Kampala, Uganda: Speaking to journalists at the sidelines of the event where CSOs gave in their perspective on the FY 2023/24 National Budget Framework Paper, Julius Mukunda- the Executive Director of Civil Society Budget Advocacy Group (CSBAG) stressed that there is mixing of government programs some of which are not most pressing.
“I think we have a challenge in prioritizing government programmes, which one comes first, the point is we need a health and educated population to engage in agriculture but a hungry population will not go schools. So, it becomes a chicken and an egg issue, there must be a balance”. Said Mukunda.
He said, ‘you can’t have human capital development as number one and agriculture as number five, may be number two or three. So, you have that particular balance, even when you are healthy and you want to go to agriculture you need to have enough food to be able to remain health, to go to school and be productive’.
“The balance is what is missing but also specifically, what are we investing in agriculture, people are talking about irrigation but ordinary citizens cannot use equipment rather need small scale solar power irrigation”. Revealed Mukunda.
He however, the challenge in agriculture is not water but is all about markets. It is against this background that Mukunda said that today, ‘if you told farmers that you want squared watermelons and there is a guaranteed market for them, they will produce them. They will look for their own seeds, extension services, they will go and learn about them and produce it’.
Giving his view on overlapping government debt, Mukunda said that there is no way we can deal with debt if we don’t first curb the unnecessary expenditure in various government agencies and departments. Surprisingly most of these do the same job there by seeking their merger.
Responding to the role of legislators in the FY2023/24 National Budget Framework Paper, Hon. Agnes Atim Apea- Woman Member of Parliament for Amolatar District said ‘our role is to scrutinize and prioritize the budget and make it pro people, whenever budget is presented to us, we look into it to see that it benefits the population’.
Commenting on why Human Capita Development took lion’s share in the FY2023/24 Budget, Hon.
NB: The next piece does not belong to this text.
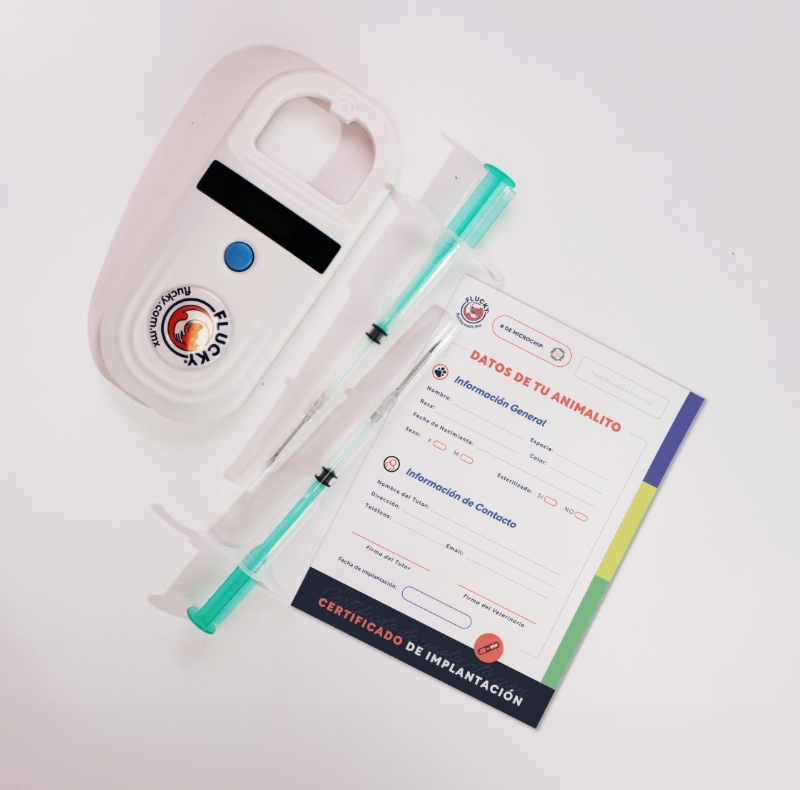 El Kit de Inicio Flucky tiene todo lo que necesitas para comenzar a ofrecer el servicio de microchips de forma profesional.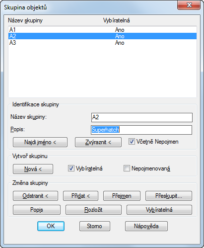 3) Vyberte skupinu. Všimněte si, že v poli s popisem skupin vytvořených nástrojem SUPERHATCH se zobrazí „superhatch“.

Apea stated that this looks at key things that include, skills development, Health issues and others.
She emphasized that government needs to pay for people to have skills and do better agriculture, ICT and the rest but believed that this and agriculture are complementary.
It should be remembered that a propozed budget of a Shs49.98 trillion budget for Financial Year 2023/2024 was passed to be financed through domestic revenue equivalent to Shs28.8 trillion, budget support amounting to Shs2.4 trillion, domestic borrowing Shs1.6trillion and external project support of Shs8trillion.
The other sources are, domestic refinancing of Shs8.7 trillion and local revenue for local government of Shs238.5 billion.
These were revealed during Civil Society Organizations pre-budget dialogue for the 2023/24 financial year held at Golf Course Hotel, Kampala under the theme; Realizing economic recovery and social economic transformation: the role of the FY 2023/24 budget.